Я, естественно, даже несмотря на новенькую форму, намеревался подпустить в ритуал козыряния и уставного доклада, как обычно, толику иронии. Я уже и голос-тон соответствующий настроил, приоткрывая дверь замполитовского кабинета, как вдруг словно споткнулся внутренне: прямо напротив дверей сидела на стуле она… Понимаю, все эти курсивы, многоточия и прочие графические ухищрения ничего не объясняют, никакой конкретной информации не несут. Ну, а как эту самую информацию передать? Как объяснить просто и толково, что я в тот же момент, в ту же секунду словно как толчок в сердце ощутил, словно как понял-осознал мгновенно на подсознательном, на сверхглубинном уровне каком-то – это она… Это – она…Это – ОНА… Не знаю, как ещё можно подчеркнуть-выделить! Я раньше о подобном только читал да знал понаслышке, а теперь вот сам испытал: действительно, оказывается, можно ощутить странный толчок в сердце и начать глубже дышать при самом первом взгляде на женщину, и тут же почувствовать, что между вами вдруг возникла-протянулась мгновенно какая-то паутинка-связь…
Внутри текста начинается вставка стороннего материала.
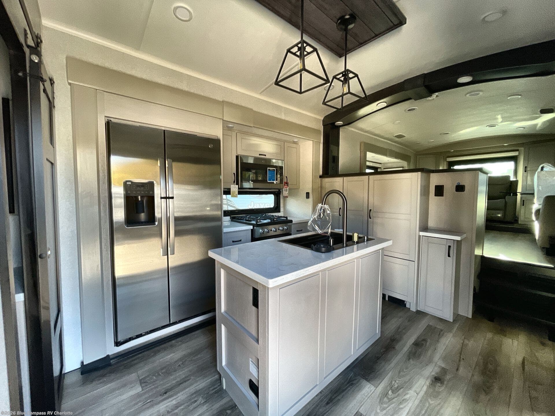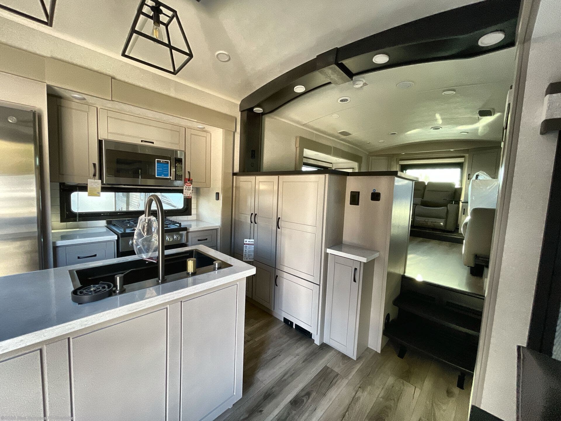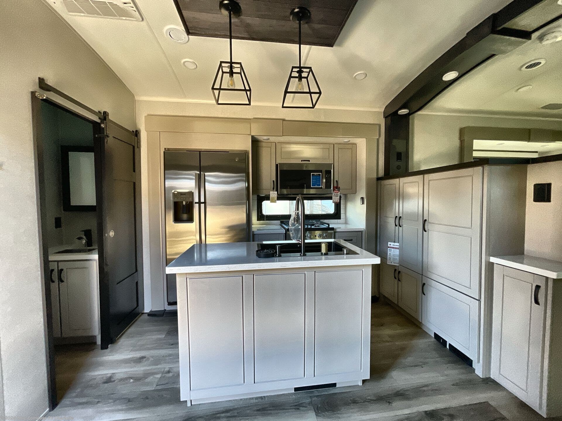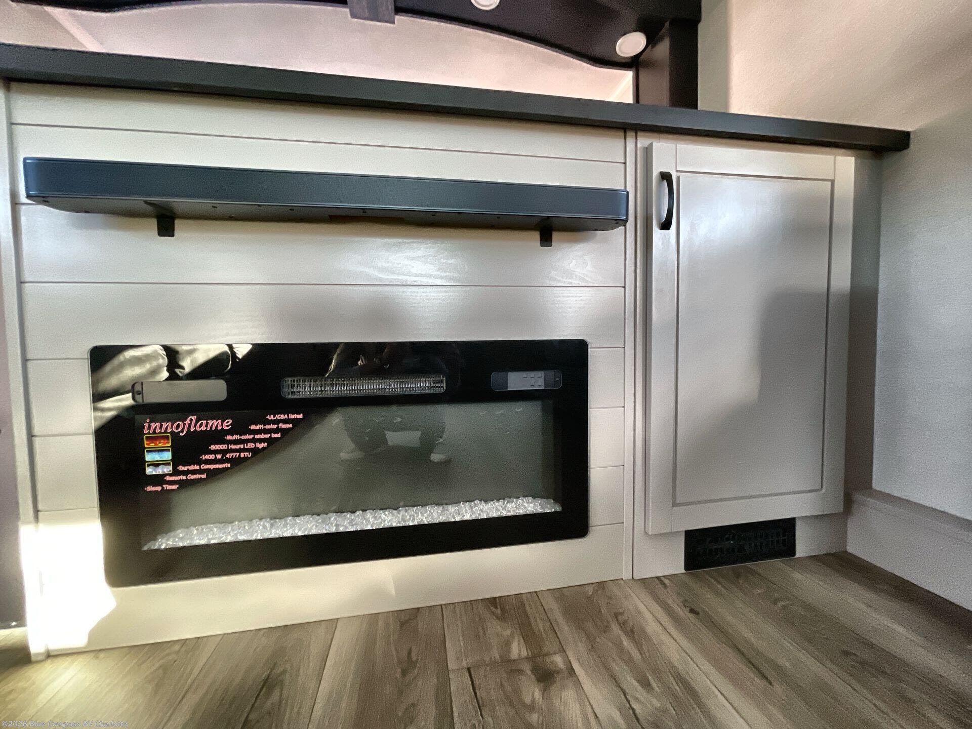 Entertainment can be found throughout this fifth wheel from the front living area with a 50" Smart LED HDTV with fully digital HDMI output and home entertainment system with subwoofer including a fireplace below that you can enjoy while relaxing on theater seats and two tri-fold sofas, a 32" TV in the middle kitchen and there is a bedroom 32" TV. You might even like to add the tailgate TV option along the exterior. Back inside the kitchen, the cook will love the center island, the pantry, the residential refrigerator, and the roll-top dinette. The half bath is a few steps away as an added convenience. The master bedroom includes a king bed slide, a bench, two wardrobes and a sliding door into the bathroom which offers two sinks, a space prepped for a washer/dryer option, and a walk-in shower. And don't forget about the exterior features such as the outside kitchen for more choices when making meals, the storage for your outdoor gear and chairs, and two awnings with integrated LED lighting.

Сначала – общее впечатление: у неё были  распущенные по плечам светлые волосы, слегка волнистые, у неё были большие тёмные глаза, посмотревшие на меня сначала строго и высокомерно, но тут же вдруг смягчившиеся (гимнастёрочка!), тонкое лицо её с чуть резковато очерченными скулами было аристократическим в том смысле, в каком  понимаю это определение я, начитавшись Стендаля и Тургенева, стройная, даже, можно сказать, сухощавая фигура под светло-палевым открытым платьем, необыкновенно длинные ноги в прозрачном капроне… Да что там объяснять: она была вся какая-то необыкновенная, из другого мира! Причём, напомню-подчеркну: несмотря на свой армейско-солдатский статус, я общался с женским полом каждый день, так что взгляд мой ни в коем случае нельзя было посчитать голодным.

Разумеется, я отпрянул, бормотнув нечто вроде: «Вы заняты?», – но подполковник Кротких удержал меня:

– Заходи, заходи! Как раз кстати. Вот, Мария Семёновна, один из лучших наших ротных секретарей – сержант Николаев, из пятой роты. Я вам о нём говорил…
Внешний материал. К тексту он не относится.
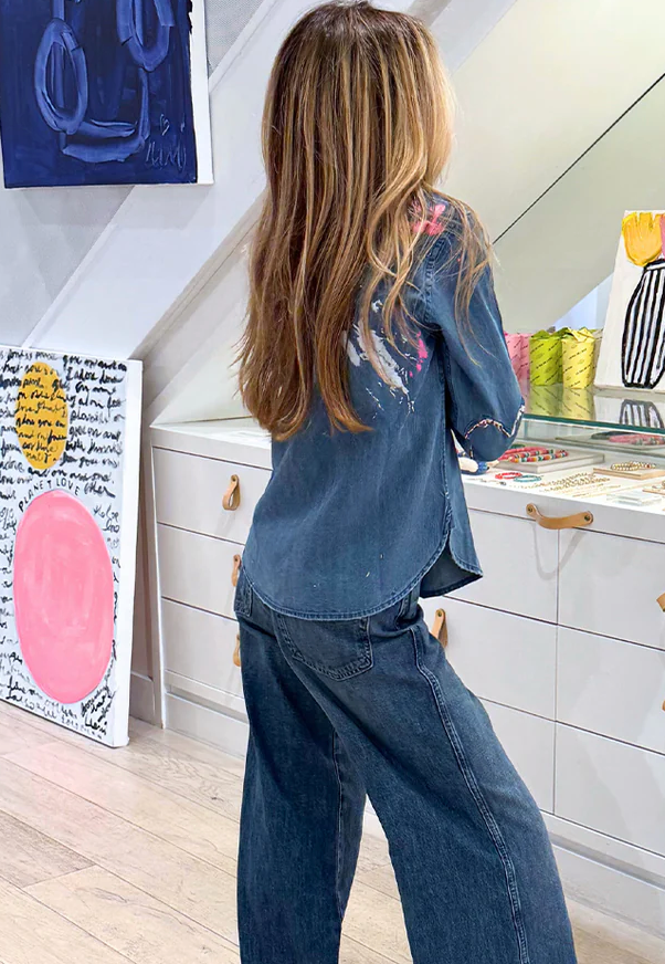 The Pia Western Studio Shirt brings Western charm with an artistic twist. Adorned with Kerri's hand-painted designs—think studio-worn authenticity—this medium indigo denim shirt combines snap-front convenience with practical pockets. Crafted from buttery-soft denim, it's your new go-to for layering magic. Throw it over a tank for relaxed vibes, snap it up for refined polish, or pair it with our Workday Blazer for a look that says "I'm creative and put-together." Pure denim joy.
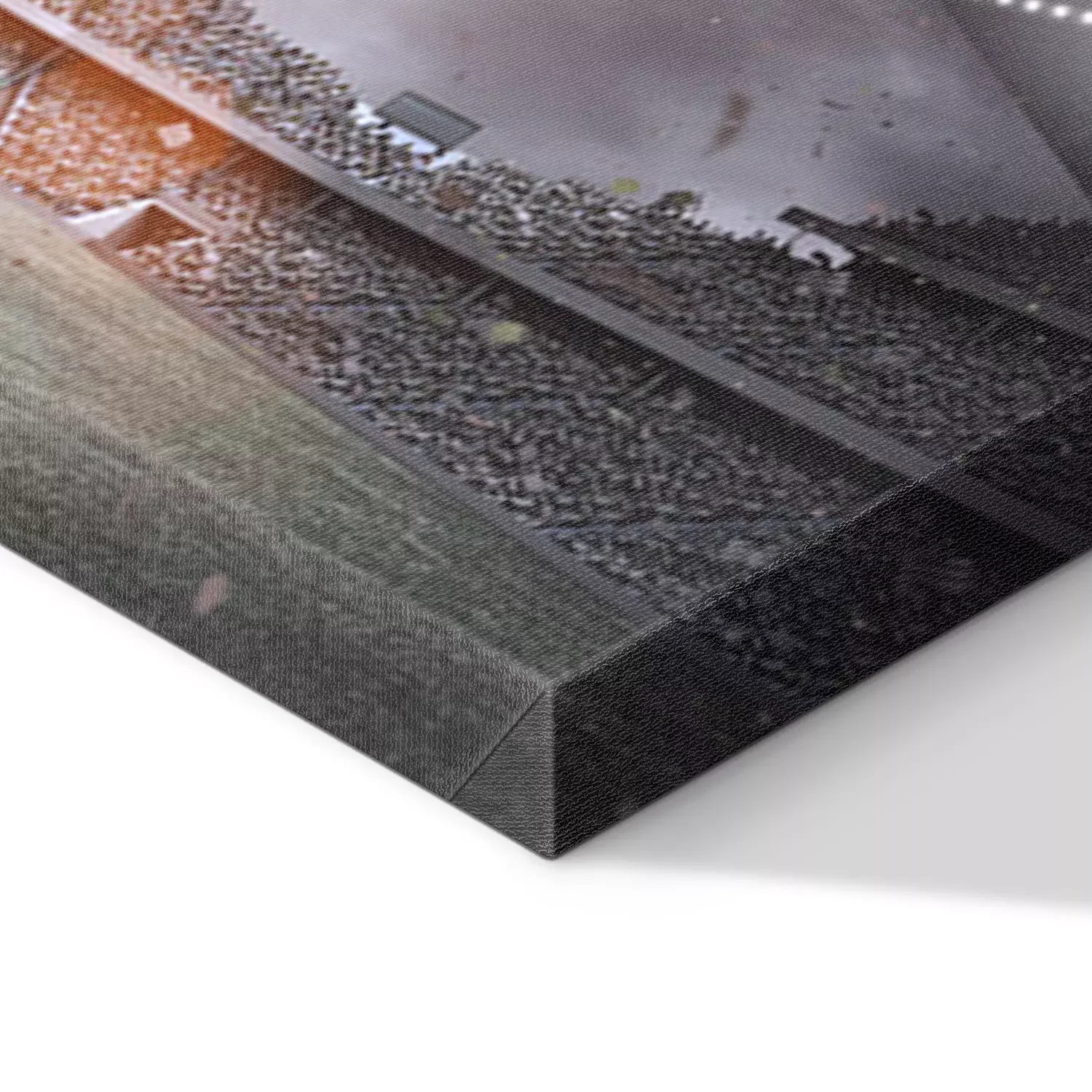 De print wordt aangebracht op hoogwaardig canvas dat op een schildersweefgetouw (spieraam) wordt gespannen. Omdat de print de zijranden bedekt, hoeft het ontwerp niet met een extra kader te worden omlijst. Wij raden ook composities aan die uit meerdere foto's bestaan en zo een coherente compositie vormen.

Эта незнакомая ещё мне Мария Семёновна окинула меня оценивающим взглядом, лицо её уже совсем смягчила улыбка. Я чуть руками не всплеснул от восхищения – какая ж у неё была улыбка! Руками я не всплеснул, я от распиравшего меня восторга тут же и глупость выкинул, опарафинился. Я как последний олигофрен шизодебильный выпятил свою цыплячью грудь в новой гимнастёрке, молодцевато, как мне мнилось, бросил оттопыренные острия пальцев к пилотке, прищёлкнул сточенными по армейской моде каблуками сапог и начал, багровея от натуги, рявкать:

– Товарищ! Подполковник!! Сержант!!! Николаев!!!! Прибыл!!!!!..
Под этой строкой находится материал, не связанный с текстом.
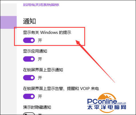 在通知栏设置页面中,我们需要关闭Windows系统的提示开关,因为来自Win10系统自身的通知都有可能会占用不少的CPU。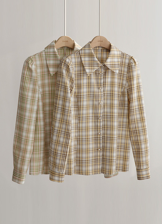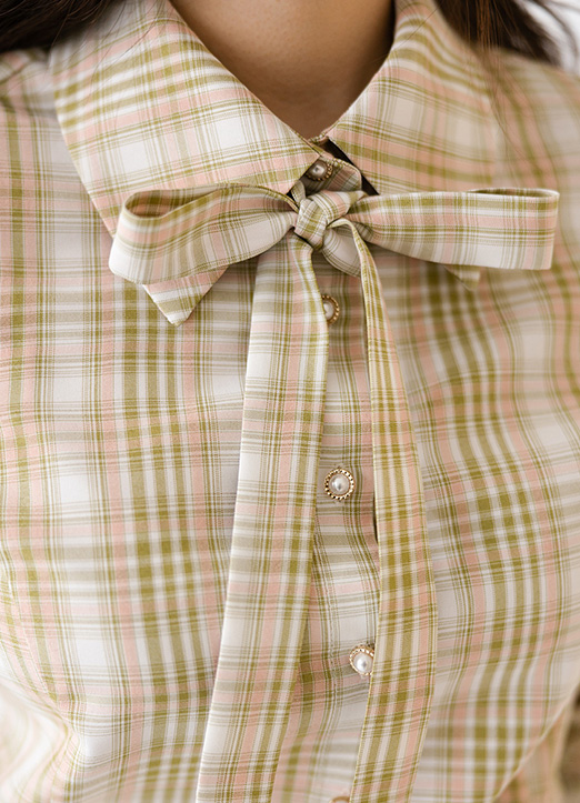 Versatile shirt featuring a charming color check print, pearl buttons, and a detachable tie set for varied styling options. Its slimming silhouette and slightly over-sized collar add an elegant touch, making it a stylish and versatile choice.]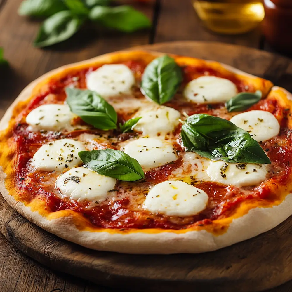 - Toppings: Fresh basil leaves, extra virgin olive oil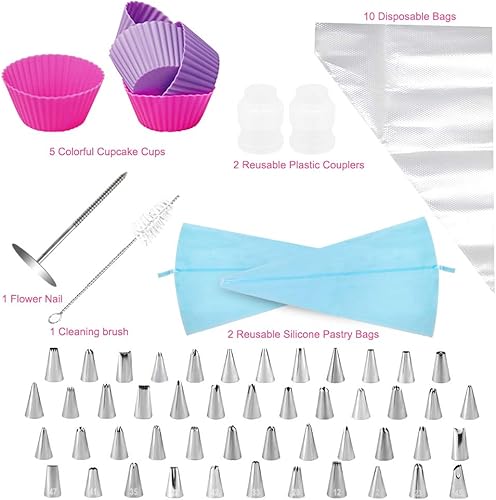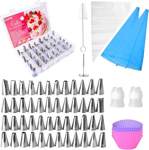 Douilles Pâtisserie 70Pcs ,Cadrim Poche à Douilles Patisserie DIY Kits en Inoxydable pour Décoration de Gâteaux Crème (48 Douilles et 22 Accessoires)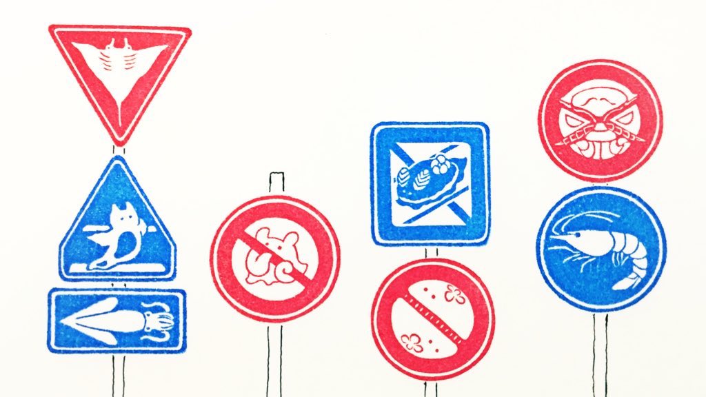 #いきもにあ2022 でも好評の郵便枠はんこ🐙そのまま捺しても可愛いのですが 海の交通標識と組み合わせると無地の封筒が一気におしゃれになります👌 ぜひお試しください❣️ #いきもにあお品書き #いきもにあ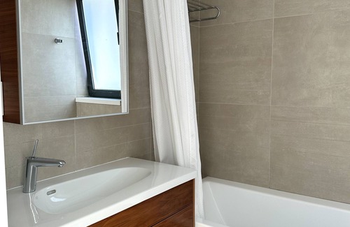 While you're here, you can enjoy all the comforts of home and more, including WiFi and a bidet, as well as towels and bed sheets. Other amenities include soap and a hair dryer.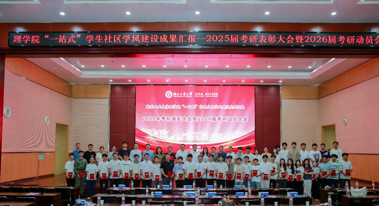 5月28日下午,理学院在图书馆报告厅举行“一站式”学生社区学风建设成果汇报——2025届考研表彰大会暨2026届考研动员大会。校党委常委李政颖,学院领导班子成员,学生工作部辅导员素质发展中心主任李璟璐、系部书记、主任,班导师和学生代表出席大会,会议由学院党委副书记陈彦君主持。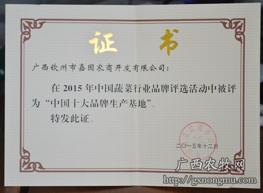 钦州市嘉园农商开发有限公司在大会上获“中国十大品牌生产基地”殊荣

– Стоп! Стоп! Саша, с ума сошёл? – даже привскочил Александр Фёдорович. – Да ты Марию Семёновну напугаешь!

Красавица рассмеялась.

– Проходи, садись, – продолжил замполит, – и познакомься с нашей новой заведующей сектором учёта комитета ВЛКСМ части Марией Семёновной Клюевой. Надеюсь, вы с ней найдёте общий язык, подружитесь…

Знал бы добрейший Александр Фёдорович, ЧТО он тогда сказал!..


* * *

Уже вскоре я в казарме только ночевал.

Я и раньше-то, когда находился в расположении части, то в своей роте времени мало проводил, всё больше в библиотеке или в штабной радиокомнате торчал, а теперь и вовсе дорогу домой, в наш крайний подъезд забыл. Полк наш размещался в панельном доме, внешне похожем на обыкновенную городскую пятиэтажку. Вот я окончательно как бы и переселился в первый подъезд, где размещался штаб, только теперь  прописался на пятом этаже,  в комитете ВЛКСМ части. Старший лейтенант Чернов, командир комсомолии полка, показывался здесь редко, да у него и отдельный кабинет был. А мы с Машей обитали в её комнатке-закутке, загромождённой шкафами с учётными карточками воинов-комсомольцев.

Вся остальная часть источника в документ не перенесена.